THE SENATE is set to consider on Wednesday the Keep Student Loans Affordable Act, in what could be the chamber’s only reaction to the recent doubling of a low student-loan interest rate. We are all for taming college costs. But lawmakers should reject this pathetic non-solution and put their effort instead into finalizing a compromise plan that is well within their reach.

The Senate vote is on whether to extend once again the 3.4 percent interest rate that Congress set on a certain class of student loans. That temporary rate, which lapsed last week, has been a potent political tool for years. It started as a Democratic 2006 midterm campaign gimmick. In the past couple of years, politicians from both parties have cited their passionate objection to its expiration as proof that they care more about students than do their opponents.

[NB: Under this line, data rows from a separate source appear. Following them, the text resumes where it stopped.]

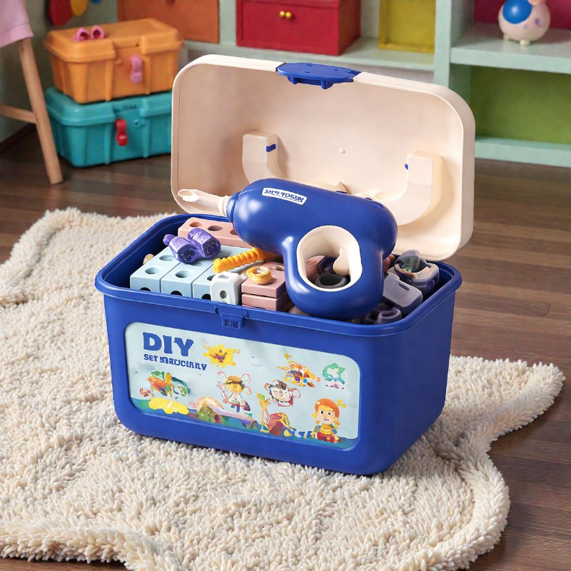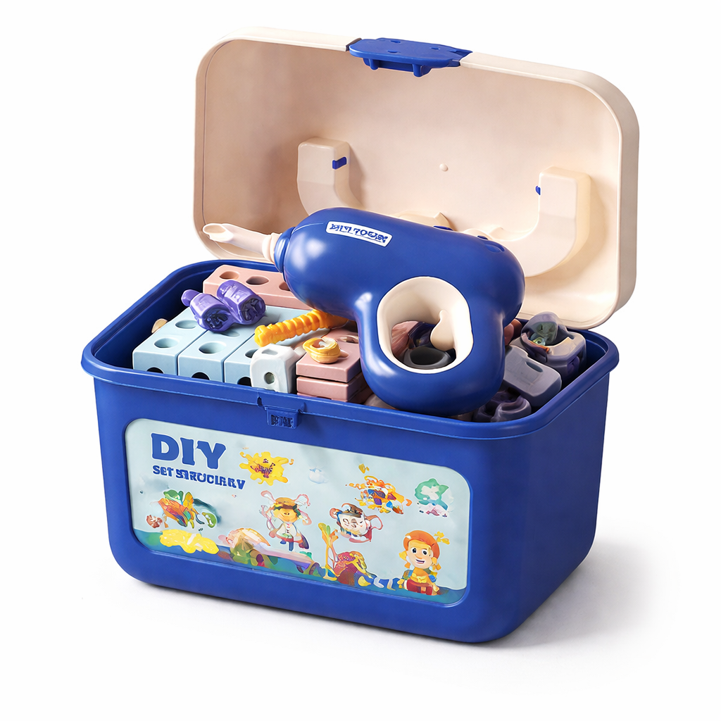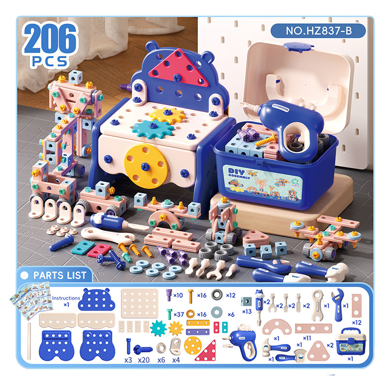 Cum se folosește: Alege o combinație de plăci și elemente, fixează-le cu șuruburi și piulițe, apoi folosește bormașina electrică pentru a strânge sau slăbi piesele. Copilul poate crea modele precum vehicule, roboți sau structuri, apoi le poate reconstrui oricând în alte forme.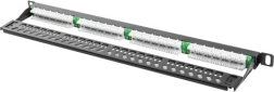 Vďaka 24 neekranovaným portom RJ-45 kategórie Cat.5e je ideálny pre dátové a telekomunikačné aplikácie. Univerzálne svorky IDC/LSA kompatibilné so štandardmi T568A/B umožňujú rýchlu a bezpečnú inštaláciu, zatiaľ čo priložený organizér káblov drží vedenie pevne a esteticky.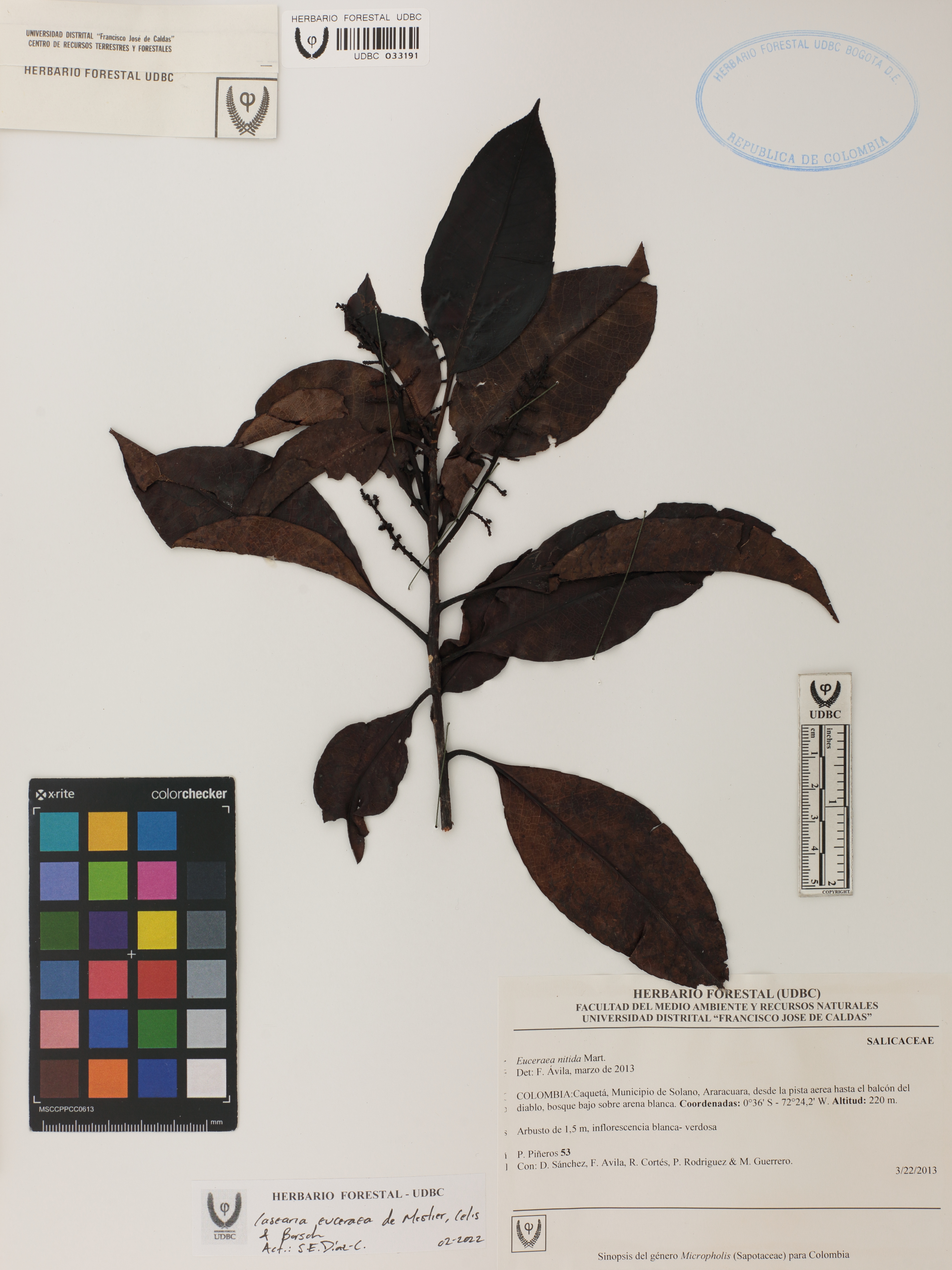 Fotografía del ejemplar Piñeros, P. 53, determinado como Casearia euceraea en el año 2013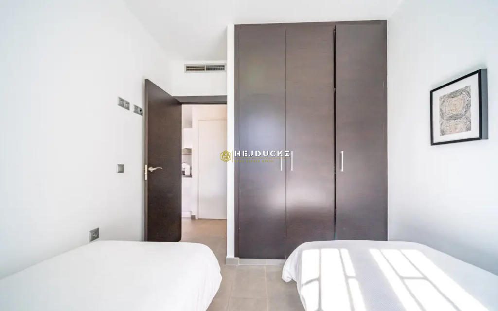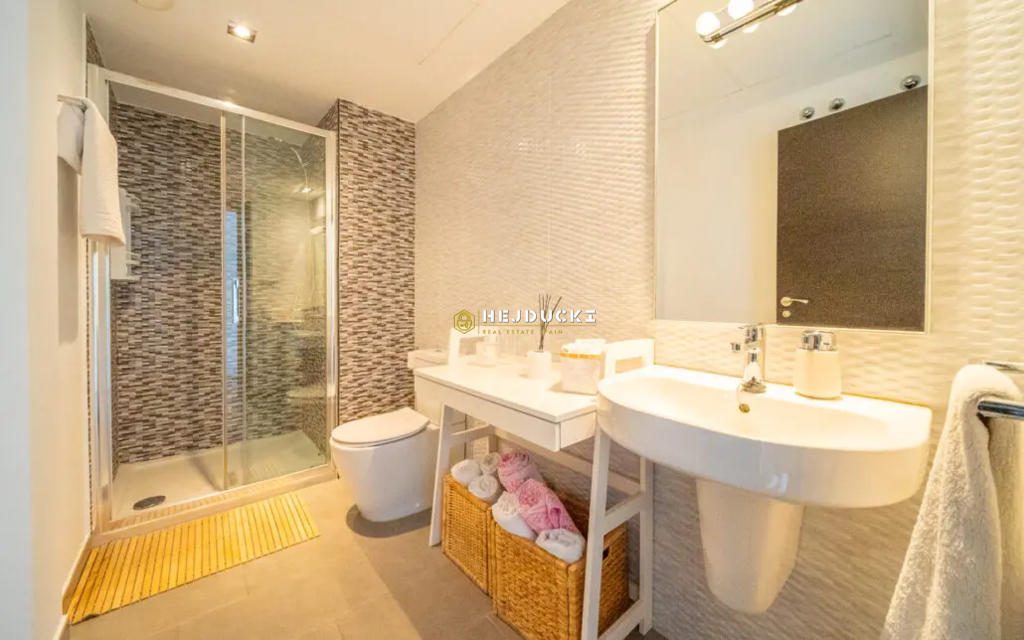 The apartment has a built area of 77 m² and features two spacious bedrooms and two modern bathrooms. It includes an independent, fully equipped kitchen and a large living-dining room that opens onto a generous terrace with breathtaking sea views. Its east-facing orientation ensures bright and sunny interiors from the early morning hours.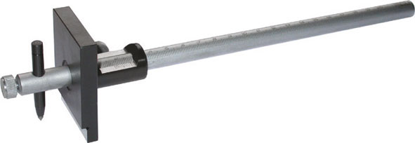 In acciaio. Tracciatore con asta tonda millimetrata.Flangia di appoggio a corsoio. Lettura 1/10 di millimetro.Punta a tracciare in metallo duro Ø mm 6.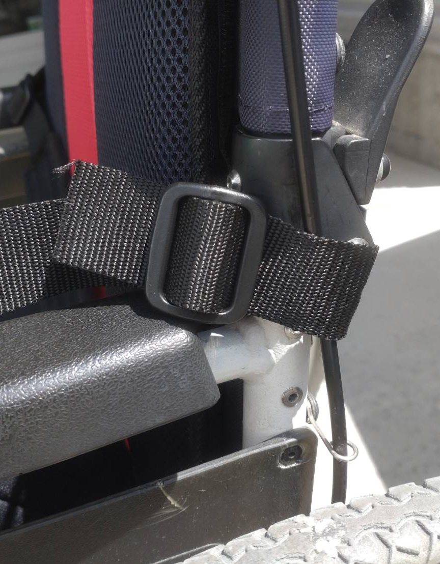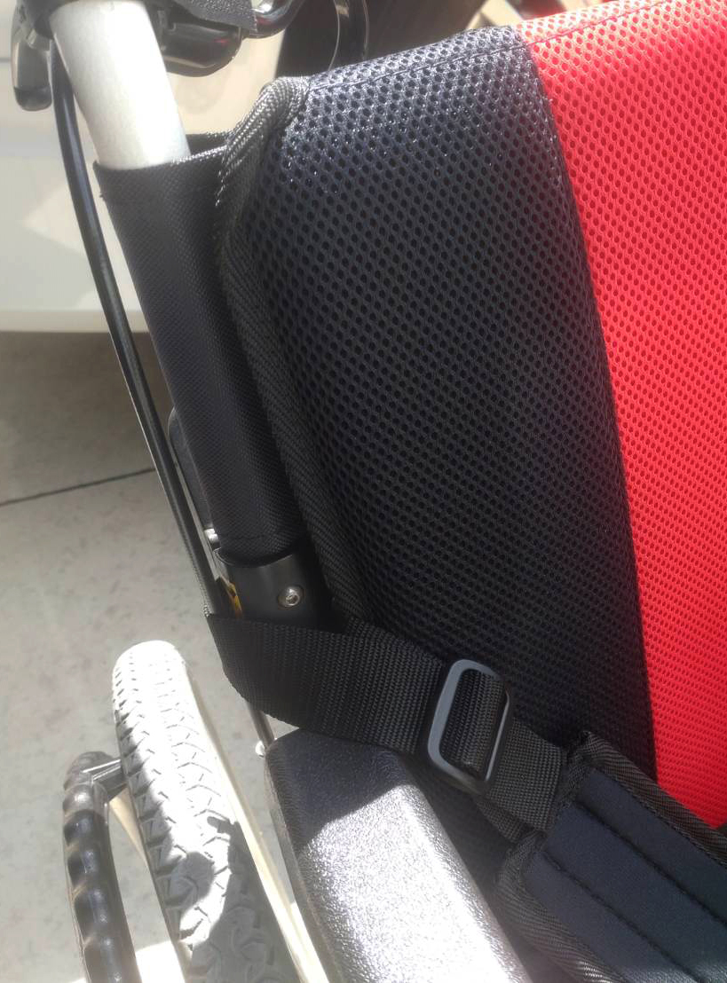 通常車いすの座・背シートにビスで止めますが付属品(アジャスター・別売)を使用すれば簡単に車いすに装着できます。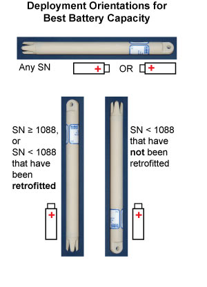 If you require the full battery capacity calculated by SeatermUSB, and must deploy/redeploy the SBE 56 before returning it to Sea-Bird, and deploy it in a horizontal orientation, or thermistor end up (battery button end (+) up).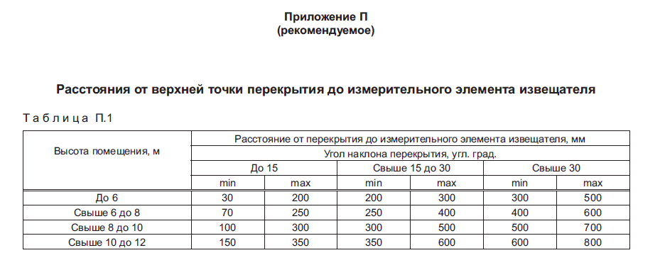 Теперь все прозрачно и ясно – в обычном помещении высотой до 6 метров, при просто горизонтальном перекрытии без всяких уклонов, то есть если следовать таблице с углом наклона перекрытия до 15 градусов, следует выдерживать расстояния от пожарного извещателя до уровня перекрытия от 3 до 20 сантиметров. Если высоты другие – читаем табличку ниже и действуем по писанным в ней указаниям.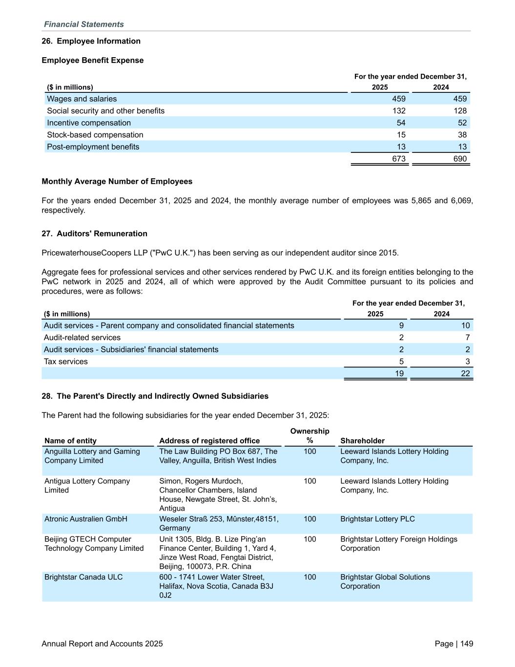 26. Employee Information Employee Benefit Expense For the year ended December 31, ($ in millions) 2025 2024 Wages and salaries 459 459 Social security and other benefits 132 128 Incentive compensation 54 52 Stock-based compensation 15 38 Post-employment benefits 13 13 673 690 Monthly Average Number of Employees For the years ended December 31, 2025 and 2024, the monthly average number of employees was 5,865 and 6,069, respectively. 27. Auditors' Remuneration PricewaterhouseCoopers LLP ("PwC U.K.") has been serving as our independent auditor since 2015. Aggregate fees for professional services and other services rendered by PwC U.K. and its foreign entities belonging to the PwC network in 2025 and 2024, all of which were approved by the Audit Committee pursuant to its policies and procedures, were as follows: For the year ended December 31, ($ in millions) 2025 2024 Audit services - Parent company and consolidated financial statements 9 10 Audit-related services 2 7 Audit services - Subsidiaries' financial statements 2 2 Tax services 5 3 19 22 28. The Parent's Directly and Indirectly Owned Subsidiaries The Parent had the following subsidiaries for the year ended December 31, 2025: Anguilla Lottery and Gaming Company Limited The Law Building PO Box 687, The Valley, Anguilla, British West Indies 100 Leeward Islands Lottery Holding Company, Inc. Antigua Lottery Company Limited Simon, Rogers Murdoch, Chancellor Chambers, Island House, Newgate Street, St. John’s, Antigua 100 Leeward Islands Lottery Holding Company, Inc. Atronic Australien GmbH Weseler Straß 253, Mûnster,48151, Germany 100 Brightstar Lottery PLC Beijing GTECH Computer Technology Company Limited Unit 1305, Bldg. B. Lize Ping’an Finance Center, Building 1, Yard 4, Jinze West Road, Fengtai District, Beijing, 100073, P.R. China 100 Brightstar Lottery Foreign Holdings Corporation Brightstar Canada ULC 600 - 1741 Lower Water Street, Halifax, Nova Scotia, Canada B3J 0J2 100 Brightstar Global Solutions Corporation Name of entity Address of registered office Ownership % Shareholder Financial Statements Annual Report and Accounts 2025 Page | 149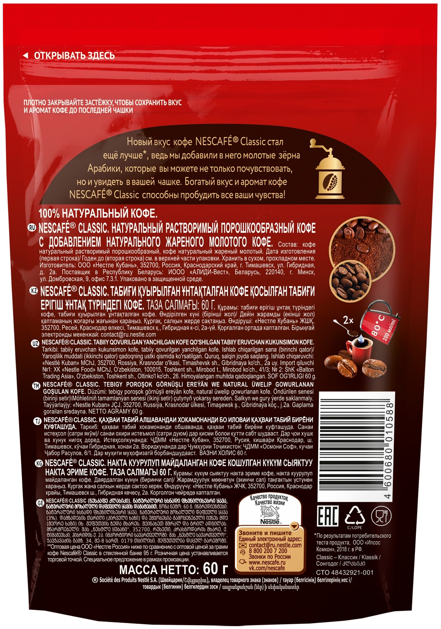 Купить Nescafe Classic/Кофе Нескафе Классик пакет 60г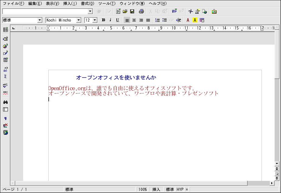 デスクトップパネルからOpenOffice.org Writer をスタートするには、メインメニュー => オフィス => OpenOffice.org Writerの順で選択 します。シェルプロンプトからスタートする場合は、 oowriterとタイプします。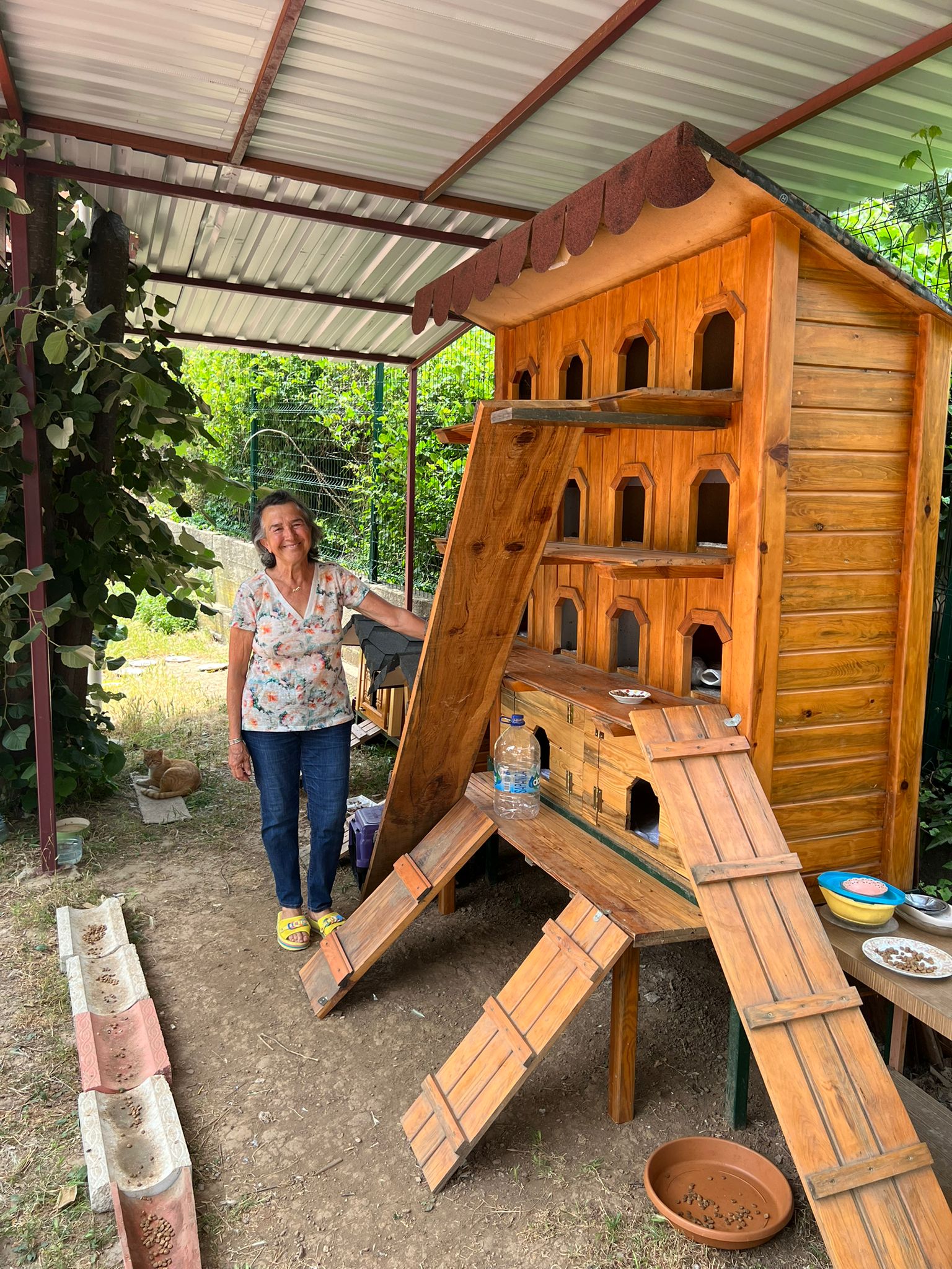 Günel Öğretmen, bunlarla da yetinmemiş, siteye bir kedi evi inşa ettirerek, can dostlara bir yuva daha yaptırmış.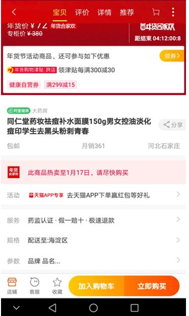 不過在天貓、淘寶網(wǎng)上,仍有大量"藥妝""EGF"產(chǎn)品正常銷售。當(dāng)日20時(shí),記者在阿里健康官方自營(yíng)店阿里健康大藥房中看到了"同仁堂藥妝祛痘補(bǔ)水面膜"的標(biāo)題描述。20點(diǎn)07分致電天貓官方,其負(fù)責(zé)人稱24小時(shí)內(nèi)由專人給予回應(yīng),并表示會(huì)催促其回復(fù)。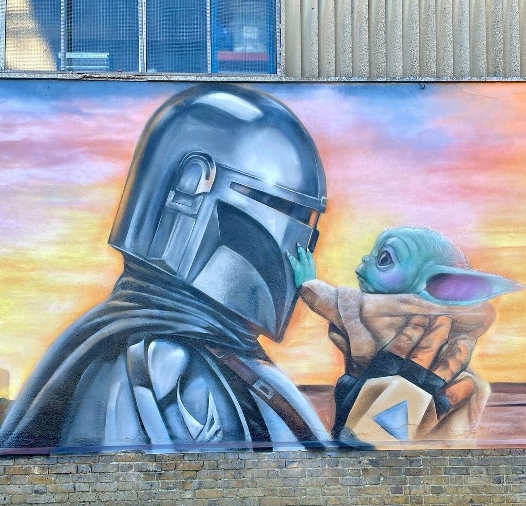 🔵 Artist: #GNASHER / #GnasherMurals in City: #Harlow UK 🇬🇧 - Title: "The Mandalorian and The child" (Detail) - #Streetart #Art #Mastoart #Mural #BabyYoda #StarwarsDay #TheMandalorian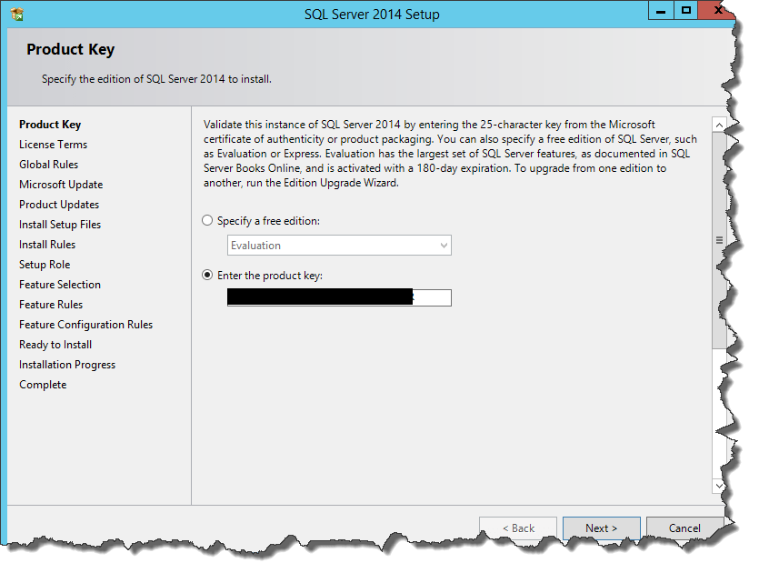 4. A new window “SQL SERVER 2014 Setup” appears on the screen which contains all of the steps required to complete the setup. Firstly, you need to validate the Product Key for your SQL server. Input a valid key in the text box as depicted below and click on the Next button.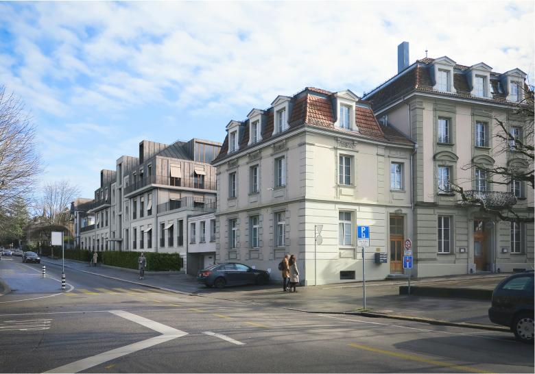 Das bestehende, ursprünglich als Druckerei gebaute Gebäude wurde in den 60-iger Jahren vollständig neugestaltet. Durch den Umbau soll die Erscheinung des Gebäudes wieder einen Bezug zum Ursprungsbau von 1889 erhalten. Wenige, rohe Fassadenmaterialien und reduzierte Details geben dem Gebäude eine dezente Eigenständigkeit und lassen es nicht als Nachbau erscheinen.

But the 3.4 percent rate is expensive policy based on Congress’s whim, and it’s not the best way to promote college affordability. Pell Grants go to the neediest of students. A strong income-based repayment system, meanwhile, is a more efficient safety net than is offering a low, fixed rate even to students who go on to make gobs of money after graduation.

Instead of continuing to fix rates based on politics and guaranteeing more distraction in a year’s time, lawmakers should finally end the mindless, recurring skirmishes over this issue. Luckily, there are serious plans on the table to do that, and politicians willing to act on them. The president has proposed pegging rates on student loans to that at which the government borrows money, plus a modest markup. The GOP-led House has proposed roughly the same thing, though with some substantive differences. Now the action is in the Senate, where those differences can and should be ironed out.

At first such a system would result in rates lower than where they are now — 6.8 percent, following their reset upward. That’s better for soon-to-be debtors, but it also means reform would cost the government more relative to current law, at least for a time. Yet the system would also be more flexible and much more sustainable in the long term, guaranteeing that rates reflect the government’s cost of borrowing and the real economy, not simply the politics of the moment. And though student interest rates might fluctuate like everyone else’s, the amount the government helps students would not change. As long as lawmakers fill in some of the details reasonably, the policy is worth the price.

With the president and the House in near-alignment, the Senate has no excuse to fail. Mr. Obama should press Democrats hard and work with Republicans to strike a deal, not to vote for dead-end policy.